We’ve been over the first one already. Let’s dive into the other 3.
Intelligent Decisioning Systems—Ant Financial helps institutions by offering a real-time decisioning service to determine risk and match products with customer. What’s interesting is there there are two things going on here—first, the risk assessment part, then the identifying potential customers and matching them with products. Essentially, is a real-time risk assessment and financial product recommendation engine all in one.
Dynamic Risk Management Systems—these combine the decisioning system with other major factors, including “risks relating to KYC, fraud, AML, credit, liquidity, operations, security and data privacy.”
Technology Infrastructure—Ant Financial’s tech lets it scale to billions of transactions. The firm also offers this to financial institution partners as a technology service. It scales too—Ant Financial says “during the 11.11 global shopping festival in 2019, the peak payment transactions per second was 459,000.”

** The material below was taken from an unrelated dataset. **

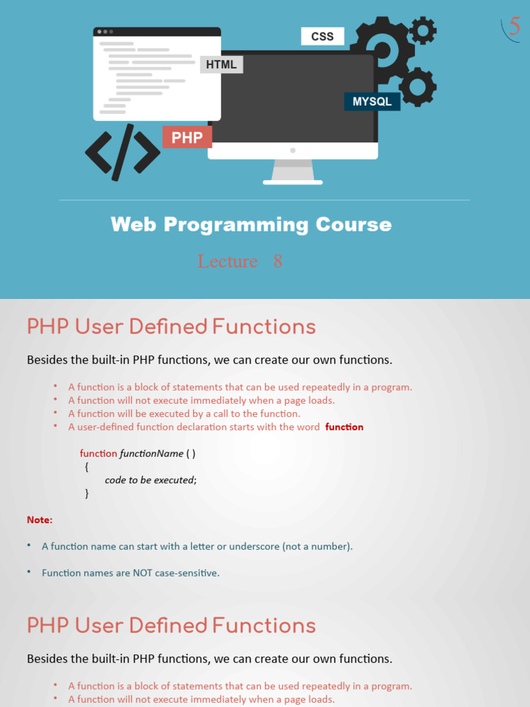 • This is a strong point of PHP which helps in creating functions, headers, footers, or elements that can

Even one of the three of these services would be a value add for regional bank in the US. The combination of all three will help an institution compete with fintech startups and be able to offer high quality, competitive, digital financial products to customers. And, post COVID, it’s been attractive to financial institutions in China:
“The number of customers paying for Ant to help them build mobile apps and provide cloud computing power jumped by 175% in the two months through April, and it’s now working with more than 200 lenders, according to the company. Inquiries to collaborate with the tech giant increased by 400% over the period…[the client]pays a one-time license fee to Ant for its cloud products such as mPaaS and SOFAStack and also an annual fee for software support and maintenance.”

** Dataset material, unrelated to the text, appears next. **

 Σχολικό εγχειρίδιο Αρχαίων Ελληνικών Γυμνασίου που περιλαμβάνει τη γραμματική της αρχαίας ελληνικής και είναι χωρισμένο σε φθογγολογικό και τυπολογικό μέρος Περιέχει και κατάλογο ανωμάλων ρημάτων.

Ant Financial acknowledges the opportunity to expand internationally in the filing: “We intend to work with our partners and develop more comprehensive digital payment, digital finance and daily life services for consumers and businesses beyond China.”

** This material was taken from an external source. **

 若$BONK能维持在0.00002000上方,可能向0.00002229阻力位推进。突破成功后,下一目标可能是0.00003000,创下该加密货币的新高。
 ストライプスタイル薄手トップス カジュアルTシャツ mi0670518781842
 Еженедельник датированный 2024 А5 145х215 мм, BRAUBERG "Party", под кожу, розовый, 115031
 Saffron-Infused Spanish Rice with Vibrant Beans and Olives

The question is: where? Its an interesting question that has geopolitical issues too. Given the synergies with Alibaba, I fully expect Ant Financial to focus on emerging countries. (But, I can see some issues around Chinese companies providing financial infrastructure to emerging countries, given China’s Belt and Road Initiative.) And there’s still a lot of growth in China itself. But my thesis is that in an emerging country where financial services infrastructure is poor, Ant Financial can:
Get consumers on a high quality financial services and commerce platform
Get help from financial institutions onboard users for them by offering them modern financial services technology
Offer SMB focused financial products to enable merchants (on Alibaba and in general), which creates more transaction opportunities between merchants and consumers
Essentially, in an emerging country, where the ingredients around digital services adoption are ripe to take off, Ant Financial can improve the digital financial ecosystem for consumers and merchants and turn it into a flywheel for Alibaba.
That’s what I’d do anyway. There’s a lot of other evidence in the IPO filing that hints at this too—sections on how fruitful partnerships between financial institutions have been, for instance. But given the dramatic shift in financial services caused by COVID, the opportunity is ripe for Ant Financial to take their ambition to transform finance global.